Assignment: Could you print exactly the lines of the listing below, starting at the line that has "기존에는 Outlook 연결시 Windows 인증 (기본인증)창으로 나타납니다." and ending at the line that has "Nach einer Stunde", and only those lines?

Data under study:
◇ ◇ ◇

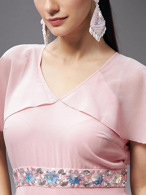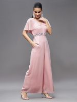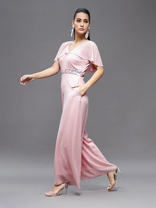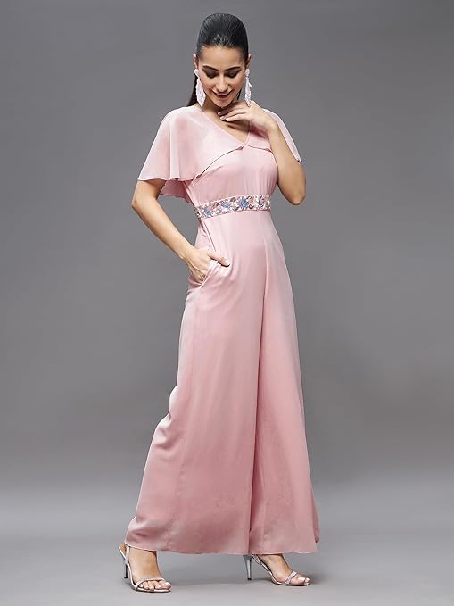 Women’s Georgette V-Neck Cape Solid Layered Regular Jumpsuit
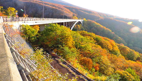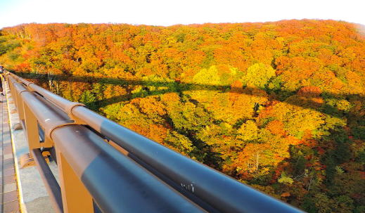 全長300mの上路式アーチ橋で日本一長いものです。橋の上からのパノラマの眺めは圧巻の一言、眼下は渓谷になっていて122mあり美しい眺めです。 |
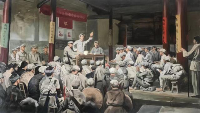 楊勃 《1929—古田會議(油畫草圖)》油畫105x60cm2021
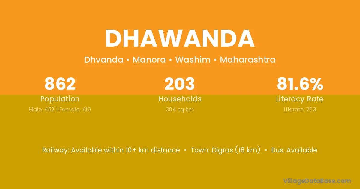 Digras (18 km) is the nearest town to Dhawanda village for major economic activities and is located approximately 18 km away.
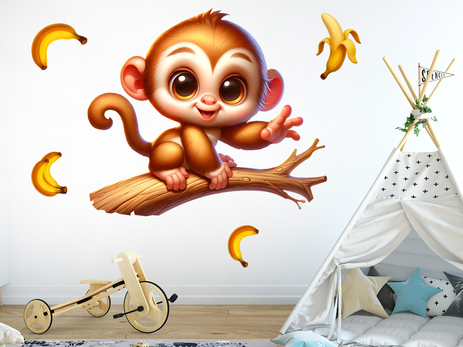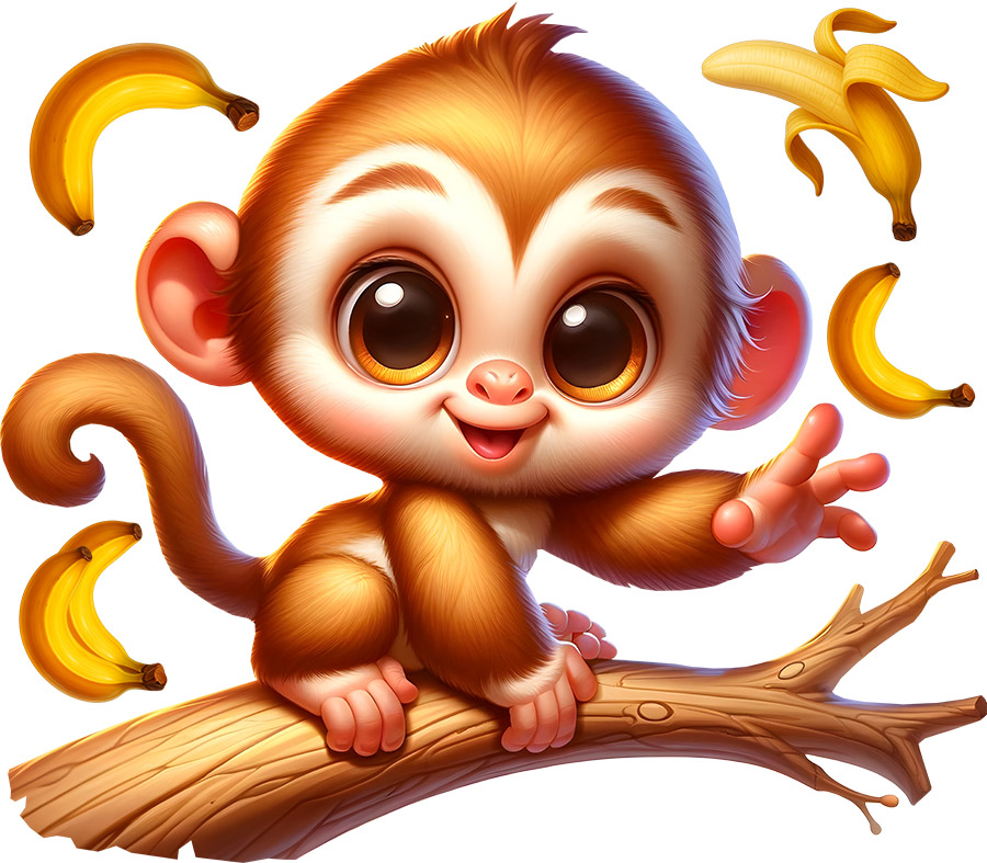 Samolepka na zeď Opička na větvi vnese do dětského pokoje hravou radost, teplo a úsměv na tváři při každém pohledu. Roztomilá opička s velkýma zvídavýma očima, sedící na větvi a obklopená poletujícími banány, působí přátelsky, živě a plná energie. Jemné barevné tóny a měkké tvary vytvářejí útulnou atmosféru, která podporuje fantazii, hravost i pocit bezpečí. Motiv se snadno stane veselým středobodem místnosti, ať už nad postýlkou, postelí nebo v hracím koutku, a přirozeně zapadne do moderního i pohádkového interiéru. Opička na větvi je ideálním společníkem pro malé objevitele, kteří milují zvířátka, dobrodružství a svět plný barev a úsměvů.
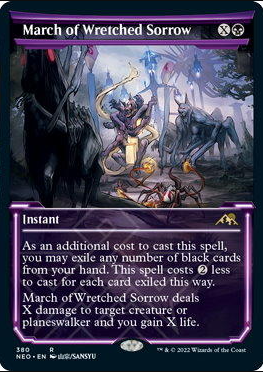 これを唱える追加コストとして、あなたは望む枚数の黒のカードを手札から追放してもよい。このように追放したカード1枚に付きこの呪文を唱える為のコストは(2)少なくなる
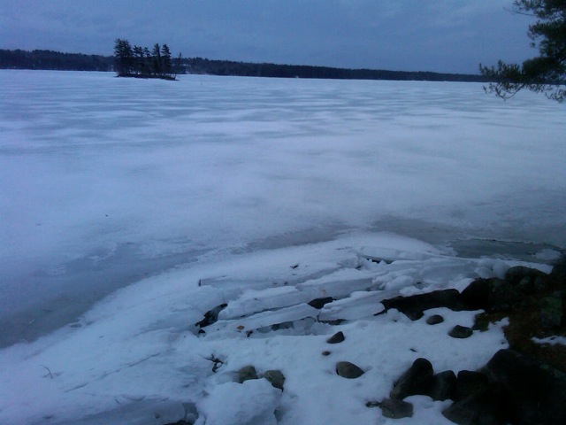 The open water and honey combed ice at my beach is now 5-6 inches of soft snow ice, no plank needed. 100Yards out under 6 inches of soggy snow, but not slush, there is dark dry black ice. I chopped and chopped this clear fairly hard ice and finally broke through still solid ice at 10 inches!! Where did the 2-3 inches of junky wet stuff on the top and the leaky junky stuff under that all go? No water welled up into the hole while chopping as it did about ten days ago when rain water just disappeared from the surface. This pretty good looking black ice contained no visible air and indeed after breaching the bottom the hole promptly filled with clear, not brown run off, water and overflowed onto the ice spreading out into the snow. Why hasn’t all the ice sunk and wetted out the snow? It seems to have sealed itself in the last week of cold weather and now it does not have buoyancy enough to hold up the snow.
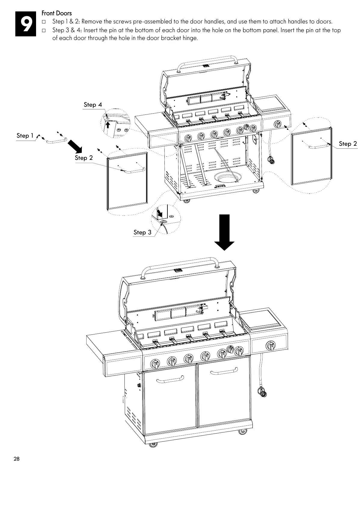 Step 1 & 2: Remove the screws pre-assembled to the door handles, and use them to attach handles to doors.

◇ ◇ ◇

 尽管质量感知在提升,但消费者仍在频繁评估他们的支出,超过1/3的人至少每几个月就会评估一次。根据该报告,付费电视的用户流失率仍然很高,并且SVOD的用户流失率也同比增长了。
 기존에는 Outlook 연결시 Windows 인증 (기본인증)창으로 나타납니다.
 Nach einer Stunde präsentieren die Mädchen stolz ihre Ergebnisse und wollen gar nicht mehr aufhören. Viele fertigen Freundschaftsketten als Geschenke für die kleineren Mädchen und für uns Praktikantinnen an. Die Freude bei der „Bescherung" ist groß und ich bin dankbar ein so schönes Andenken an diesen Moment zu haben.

◇ ◇ ◇

Problem solution:
 기존에는 Outlook 연결시 Windows 인증 (기본인증)창으로 나타납니다.
 Nach einer Stunde präsentieren die Mädchen stolz ihre Ergebnisse und wollen gar nicht mehr aufhören. Viele fertigen Freundschaftsketten als Geschenke für die kleineren Mädchen und für uns Praktikantinnen an. Die Freude bei der „Bescherung" ist groß und ich bin dankbar ein so schönes Andenken an diesen Moment zu haben.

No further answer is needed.